* Records supplied:
::::
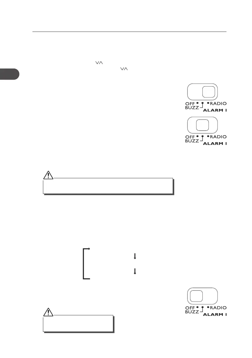 on the display. The alarm time will be conrmed when you release the button.
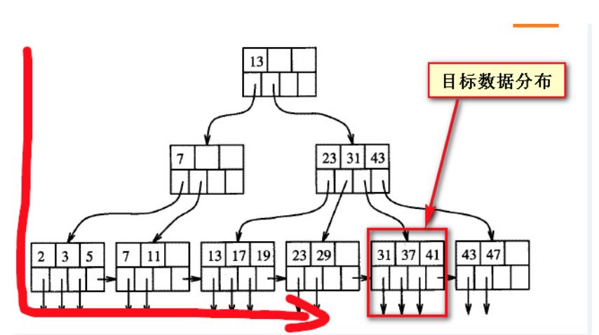 如下两个截图是B树索引结构的粗略表现形式,假如目标数据的位置固定的情况下,所谓的“靠后”是相对与从左向右来说的;
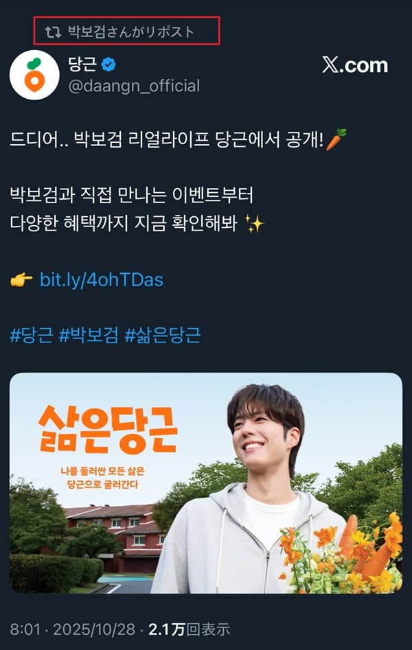 今日1本目の記事で 紹介した「ダングン」の公式投稿のリポストがありました♪
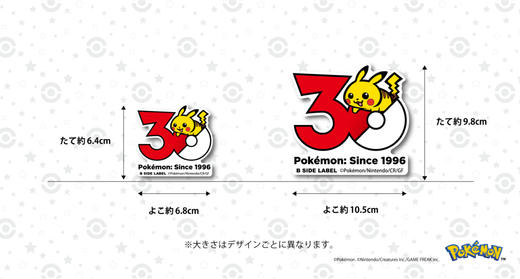 ポケモン30周年の記念ロゴからB-SIDEデザインのピカチュウが飛び出したステッカーデザインとなっています。
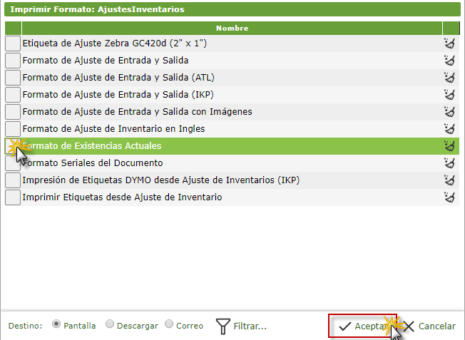 Imprimir Formato: Ajustes Inventarios donde seleccionaremos Formatos de Existencias Actuales y presionaremos el
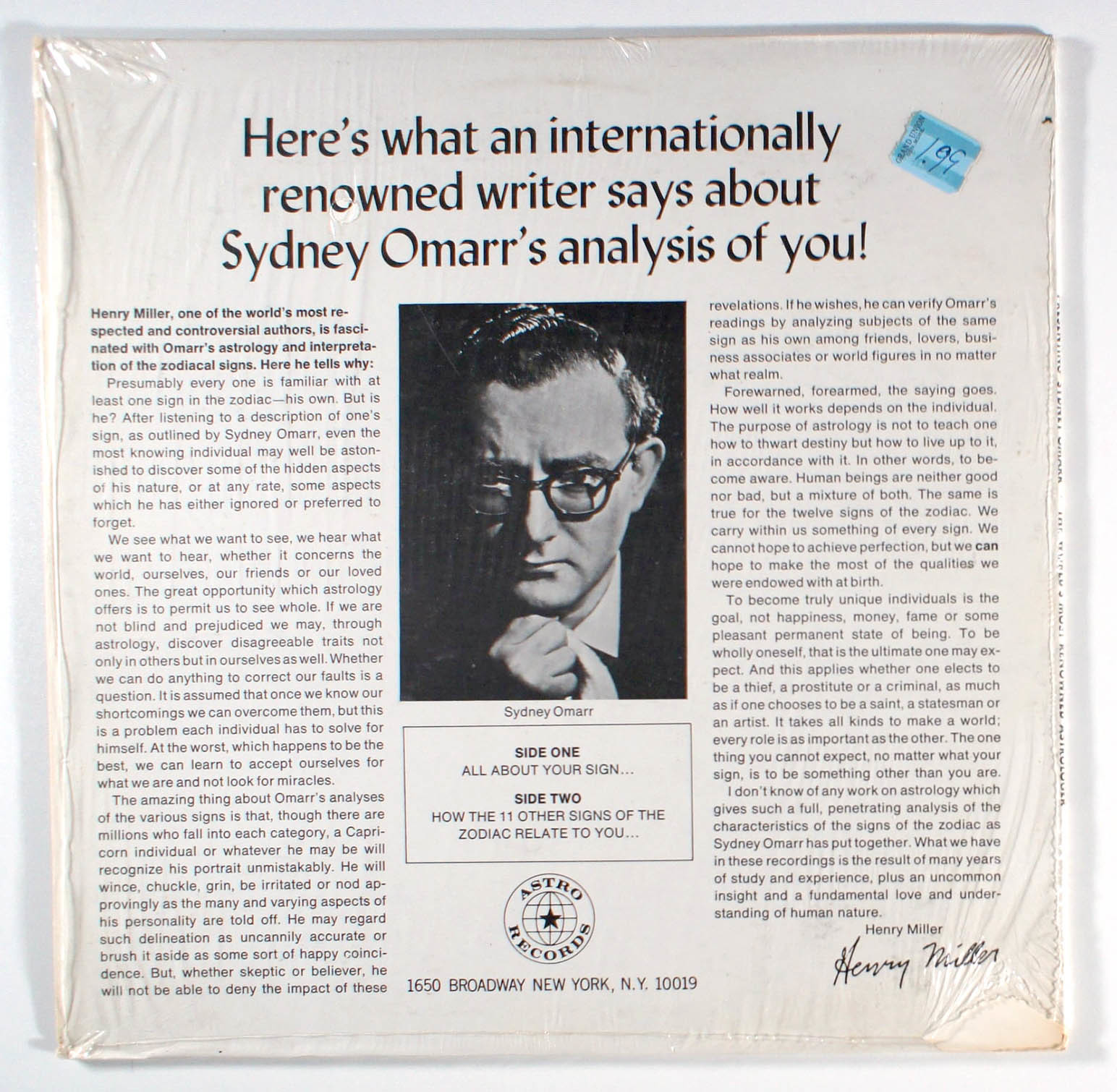 Aquarius, by Sydney Omarr, is a non-musical spoken word explanation of the horoscope by renowned writer Sydney Omarr. According to Henry Miller in liner notes, "I don't know of any work on astrology which gives such a full, penetrating analysis of the characteristics of the signs of the zodiac as Sydney Omarr has put together.What we have in these recordings is the result of many years of study and experiences plus an uncommon insight and a fundamental love and understanding of human nature."
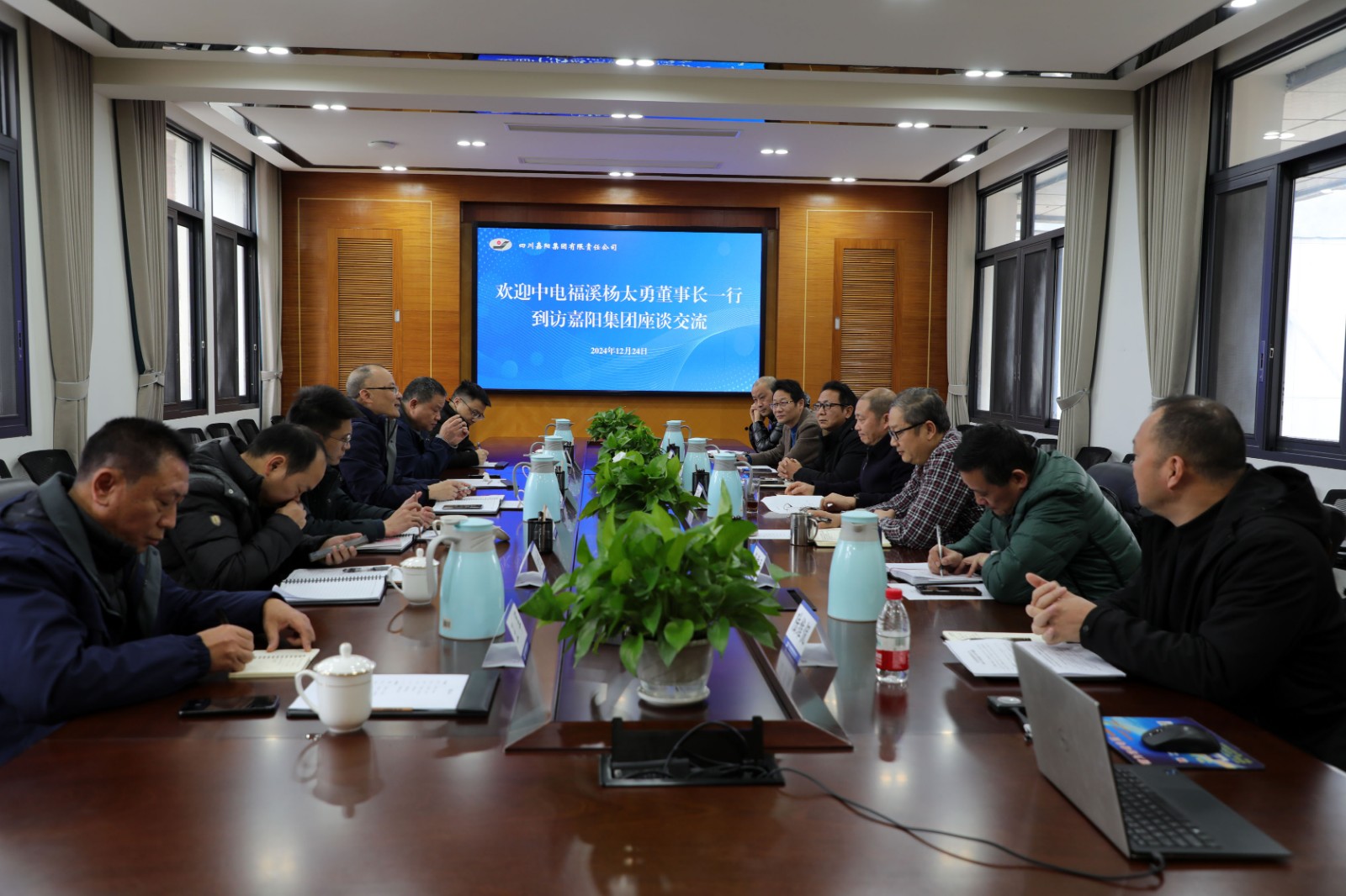 12月24日,中電福溪電力開(kāi)發(fā)有限公司黨委書記、董事長(zhǎng)楊太勇一行到訪嘉陽(yáng),雙方就合作事宜進(jìn)行了座談交流。
::::
* What to produce: Keep every word of the records exact as you write them out, but drop the pictures.

* Response box:
 on the display. The alarm time will be conrmed when you release the button.
 如下两个截图是B树索引结构的粗略表现形式,假如目标数据的位置固定的情况下,所谓的“靠后”是相对与从左向右来说的;
 今日1本目の記事で 紹介した「ダングン」の公式投稿のリポストがありました♪
 ポケモン30周年の記念ロゴからB-SIDEデザインのピカチュウが飛び出したステッカーデザインとなっています。
 Imprimir Formato: Ajustes Inventarios donde seleccionaremos Formatos de Existencias Actuales y presionaremos el
 Aquarius, by Sydney Omarr, is a non-musical spoken word explanation of the horoscope by renowned writer Sydney Omarr. According to Henry Miller in liner notes, "I don't know of any work on astrology which gives such a full, penetrating analysis of the characteristics of the signs of the zodiac as Sydney Omarr has put together.What we have in these recordings is the result of many years of study and experiences plus an uncommon insight and a fundamental love and understanding of human nature."
 12月24日,中電福溪電力開(kāi)發(fā)有限公司黨委書記、董事長(zhǎng)楊太勇一行到訪嘉陽(yáng),雙方就合作事宜進(jìn)行了座談交流。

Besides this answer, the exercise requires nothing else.